| Your assignment |
Only the lines from the one containing "Squawka统计,记录还在" to the end of the material are to be copied, exactly and in full; images stay out.

*** Opening of Material provided ***

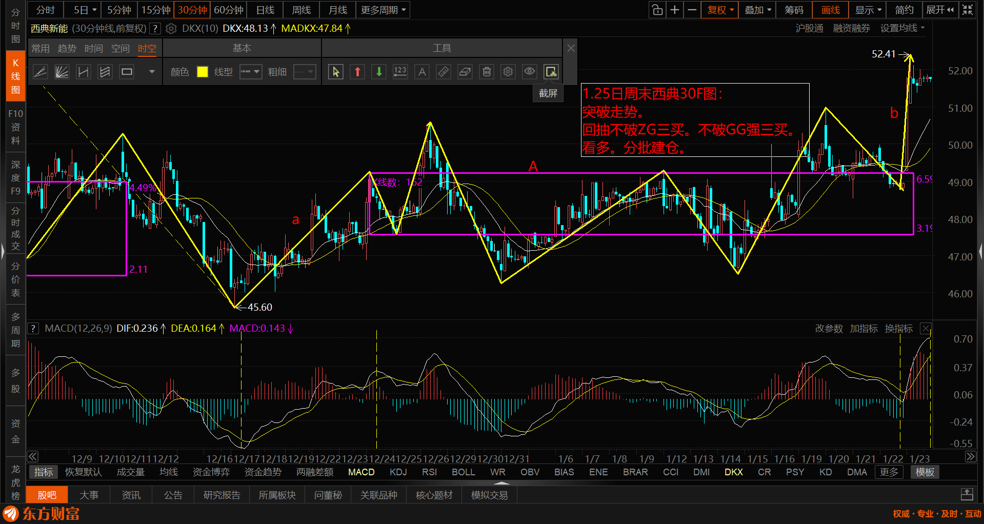 1.这票基本面,月周图一目了然。建仓选择日,30F突破ZG。激进操作。稳健操作等突破笔完成后,回抽确认三买。不然结构不稳。
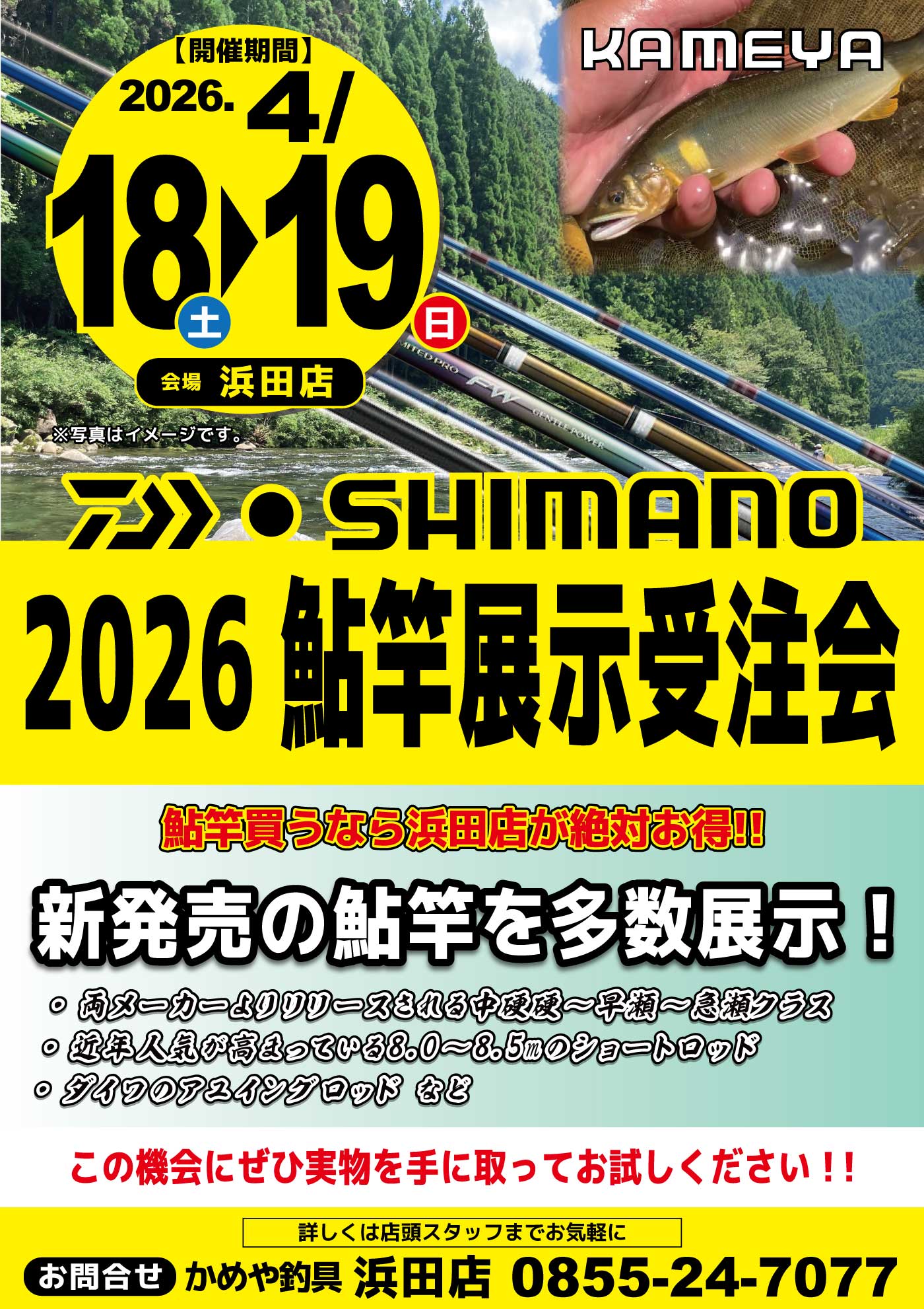4月192026 【浜田店】 2026 鮎竿展示受注会 イベント 開催期間 4月18日(土曜日)〜4月19日(日曜日) 開催場所 かめや釣具 浜田店 参加費 問い合わせ 浜田店 TEL.0855-24-7077
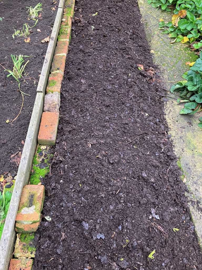Last season’s leaf mould did not go very far. I decided to cardboard over one bed in the veg patch and use the leaf mould to cover the top. Since achieving this neat finish the foxes have had fun and have dug down to find the cardboard and have shredded it. I reburied it all again. I can see this could go on!
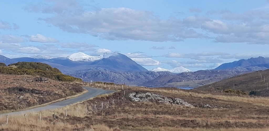 Een gedistingeerde oude man met een onverstaanbare lage stem stopt in een buitengewoon luxe SUV. Ik ben bang dingen vies te maken. Ik stel me altijd meteen netjes voor, zodat er direct een band is. Dan wordt wel snel duidelijk of die ander wil praten of niet. Mijn bestuurder vertelt dat Schotland een beetje op een retirement home begint te lijken. Bijna de helft van de huizen hier wordt opgekocht door vermogende mensen uit Londen die daar hun pand verkopen of hier een tweede huis nemen. De locals kunnen er niet tegenop. Hij wordt er niet vrolijk van. Ook niet van de optocht van campers en motoren die in de zomer een rondje Schotland doet, de North Coast 550, ook wel Schotland ’s Route 66. Het wordt gezien als een van de beste kustroutes ter wereld. Volgens hem kun je hier als local niet meer normaal van a naar b. Hij zet me eruit in Gairloch, een klein kustdorpje waar ik zicht heb op zee, besneeuwde bergen en h7agelwitte zandstranden.
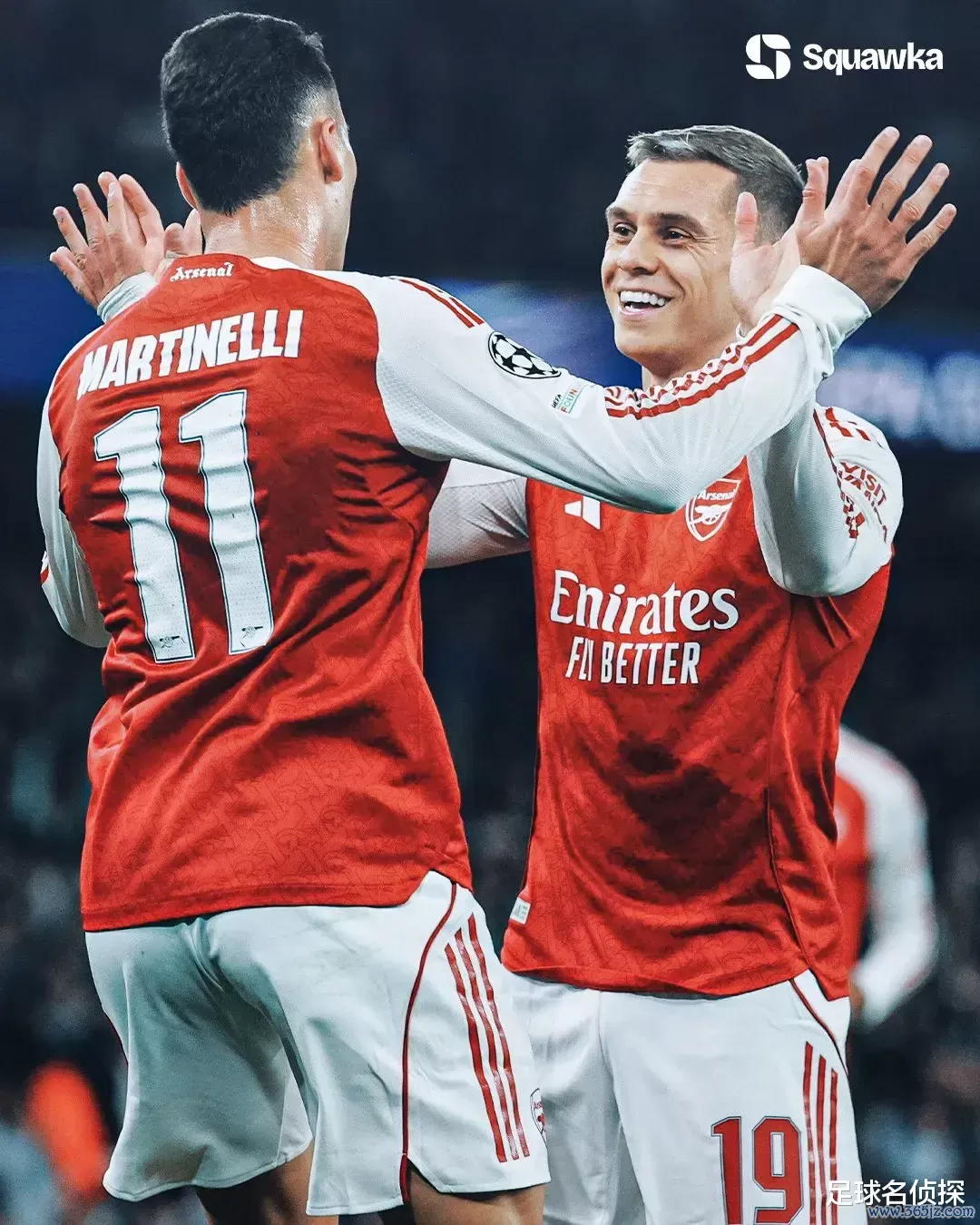 Squawka统计,记录还在延续,但凡马丁内利进球的比赛,阿森纳莫得输过,48场比赛39胜9平!
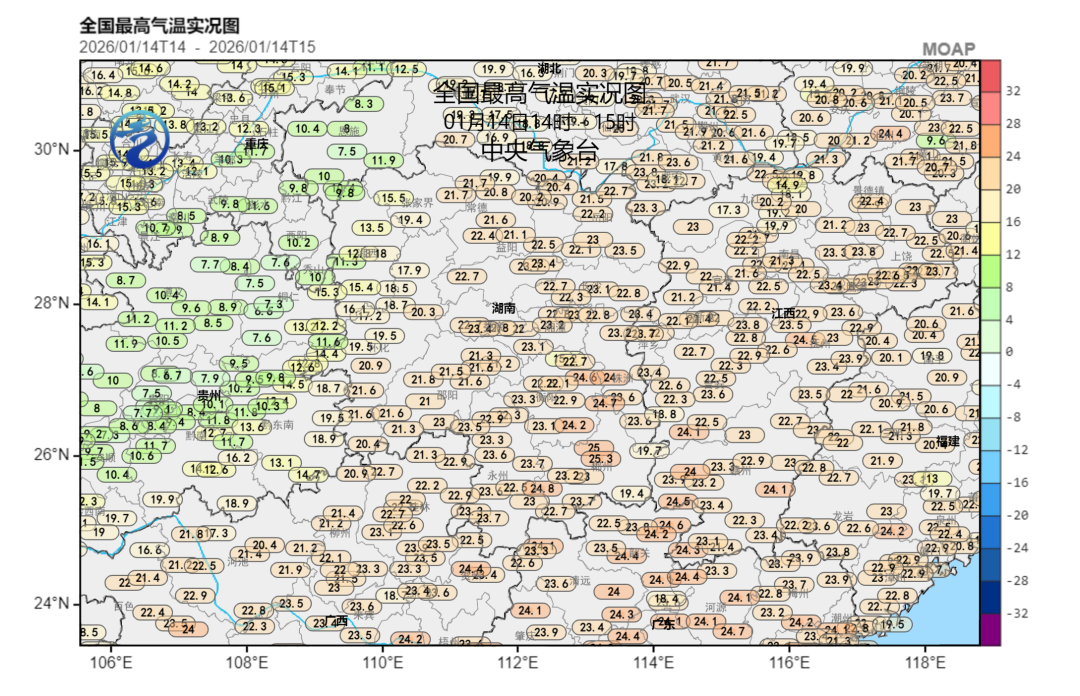 14日白天,我国出现大范围回暖。特别是黄淮到江南地区,预计今明两天白天温暖程度将远超常年同期,气温会陆续达到本轮升温的高点,长江以南最高气温大多超过20°C,多地比常年同期偏高10℃以上。

*** Close of Material provided ***

| Task answer |
 Squawka统计,记录还在延续,但凡马丁内利进球的比赛,阿森纳莫得输过,48场比赛39胜9平!
 14日白天,我国出现大范围回暖。特别是黄淮到江南地区,预计今明两天白天温暖程度将远超常年同期,气温会陆续达到本轮升温的高点,长江以南最高气温大多超过20°C,多地比常年同期偏高10℃以上。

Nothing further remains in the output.